I wasn't sure how to communicate what was shown on the graphic, so I decided to put the Lumin5 tool to a new test. Below is the video that I created.



Since 2005 interns have been looking at graphics and blog articles I've created and have then created their own interpretations, which I show here.  

I think one thing educators and leaders of non-school tutor/mentor programs could do is to encourage youth to look at articles like mine, Kevin's and the #digciz community, then build their own interpretations and share them on various social media platforms. Others could do this, too.

For instance, take a look at the visualizations created during this Sketch50 event.   Or look at the ideas Terry Elliott captured in the Storify on his blog.

There are thousands of people creating visualizations daily. I'd like to focus some continuously on the graphics and ideas I've been sharing for the past 20 years in an effort to bring more people and resources to efforts that make mentor-rich school and non-school learning and youth development opportunities available to k-12 youth in every high poverty area of the country.

What do you think? Are your students doing this?


Wednesday, October 05, 2016

Building the Network. Who's Here. Who's Not Here?

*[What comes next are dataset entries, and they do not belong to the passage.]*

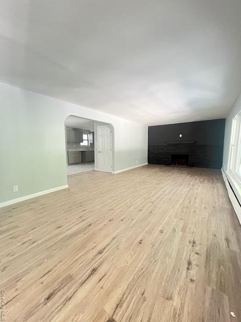 - Unfurnished living room featuring light wood-style floors, arched walkways, and a baseboard radiator
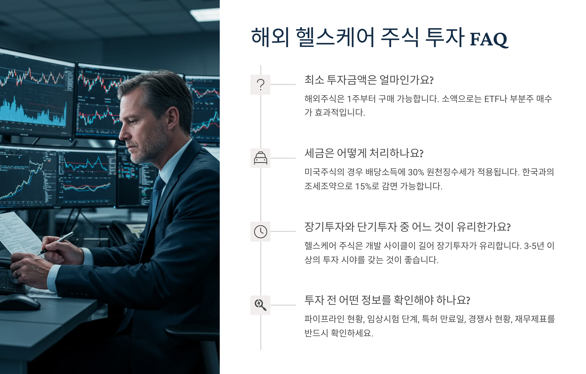 이처럼 제약·바이오주는 기대감이 크지만, 리스크도 분명히 존재해요. 투자 전에는 기술력, 재무 상태, 임상 단계, 글로벌 경쟁 구도까지 입체적으로 판단해야 해요. 지금부터는 사람들이 가장 많이 묻는 해외 헬스케어 주식 투자 FAQ를 정리해볼게요! 🧠📋
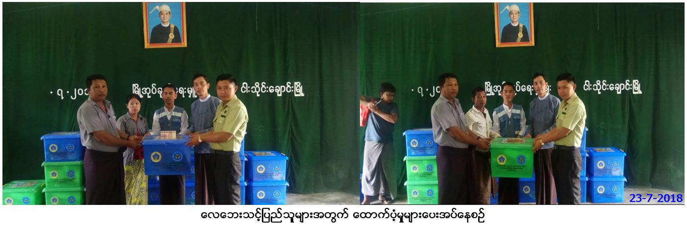 လူမှုဝန်ထမ်း၊ ကယ်ဆယ်ရေးနှင့်ပြန်လည်နေရာ ချထားရေးဝန်ကြီးဌာန၊ ဘေးအန္တရာယ်ဆိုင်ရာစီမံခန့့်ခွဲမှုဦးစီးဌာန၊ ဧရာဝတီတိုင်းဒေသကြီး ဦးစီးမှူးရုံးမှ တာဝန်ရှသူများသည် ဧရာဝတီတိုင်းဒေသကြီး၊ ပုသိမ်ခရိုင်၊ ရေကြည်မြို့နယ်၊ ငါးသိုင်းချောင်းမြို့၊ ရွှေဘိုရပ်ကွက်၊ ရှေ့ဆောင်ရပ်ကွက်၊ ဗောဓိကုန်းကျေးရွာနှင့် ဒေါင့်မှန်ကုန်းကျေးရွာတို့၌ (၁၆.၇.၂၀၁၈)ရက်နေ့တွင် ဖြစ်ပွားခဲ့သော လေဘေးကြောင့် ပြိုကျပျက်စီးနေအိမ် (၃)လုံး၊ အမိုးလန်ပျက်စီးနေအိမ် (၁၆) လုံး၊ အိမ်ထောင်စု (၁၉)စုမှ လူဦးရေ (၈၀)ဦး အတွက် ကယ်ဆယ်ရေးပစ္စည်း (၁၆)မျိုး (၃)ပုံး (၁၁၂,၀၅၉/-)ကျပ်၊ ပစ္စည်း၁၁မျိုး (၁၆)ပုံး (၂၉၆,၁၆၀/-)ကျပ်၊ အိမ်ဆောက်ပစ္စည်းဖိုး (၁,၁၀၀,၀၀၀/-)ကျပ်၊ ဆန်ရိက္ခာ(၇)ရက်စာ ရန်ပုံငွေ (၁၆၈,၀၀၀/-)ကျပ်၊ အမိုးလန် ဘုန်းတော်ကြီးကျောင်းဓမ္မာရုံအတွက် ကျောင်းဆောက်ပစ္စည်းဖိုး (၁၀၀,၀၀၀/-)၊ စုစုပေါင်းတန်ဖိုးငွေ (၁,၇၇၆,၂၁၉/-)ကျပ်တို့အား (၂၃.၇.၂၀၁၈)ရက်နေ့ (၁၃း၀၀)နာရီအချိန်တွင် ရေကြည်မြို့နယ်အုပ်ချုပ်ရေးမှူး၊ မြောင်းမြခရိုင်ဦးစီးမှူးရုံး(ဘစမ)မှ ခရိုင်ဦးစီးမှူး ဦးဝင်းဇော်ဌေးတို့နှင့်အတူ လေဘေးသင့်ပြည်သူများ လက်ဝယ်အရောက် ထောက်ပံ့ပေးအပ်ခဲ့ကြောင်း သတင်း ရရှိရပါသည်။
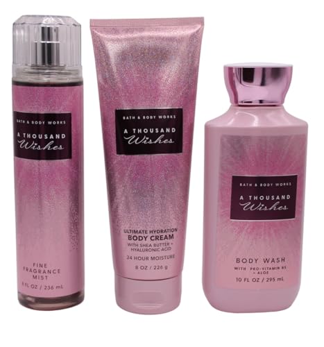 Bath & Body Works - مجموعة جل استحمام للعناية بالجسم سعة 284 مل من ايه ايس اند ويشز، رذاذ عطري 227 مل وكريم للجسم 227 مل

Just read a post by Kevin Hodgson, a 6th grade teacher from Western Mass, who I have come to know over the past four years by my participation in the Connected Learning MOOC.

In his post Kevin included this Storify, showing a conversation from a Twitter Chat held in July 2016.



This type of conversation needs to be taking place in many sectors, including the youth development, tutoring, mentoring and non-school program sector. It needs to include volunteers, educators, youth (and alumni), parents, donors, evaluators, business partners and policy makers, not just program staff and leaders.

Where do you start?

In Kevin's article, and in the Twitter chat, we talked about what the organizers could do to expand participation.  In Tutor/Mentor Conferences I  organized from 1994-2015 we talked about what  programs can do to actively recruit volunteers.

However, I am focusing on turning this around. I became part of the #CLMOOC in 2013 after participating earlier in an Education Technology and Media MOOC, and a Deeper Learning MOOC. I found announcements for these as I followed my Twitter and social media feeds, and was curious enough to visit the web site, see what they were doing, and click the "join" button.

From that point on, it was a matter of listening, commenting and building relationships.  Sheri Edwards, another educator, who I met in the #CLMOOC, posted this article, showing ways for people to get started in on-line learning networks.

She said "Everyone starts somewhere. Just start".

Thus, the group grows as members reach out to friends, or through their social media networks, and invite others to join in.

I created this graphic in the 1990s to show how volunteers involved in tutor/mentor programs could be inviting people they know to visit our web sites and get information and ideas that they could discuss in small groups of friends, co-workers, faith group members, etc.

Now these discussions can also be held in organized MOOCs, using Twitter chats, Google and Skype hangouts, Facebook, Google+ and many other types of platforms.

As that happens, maps can capture participation information and support analysis and discussions of "Who's here and Who's Missing."

As a result future maps will fill in with larger participation from more of the different groups who might contribute ideas, solutions, and even resources.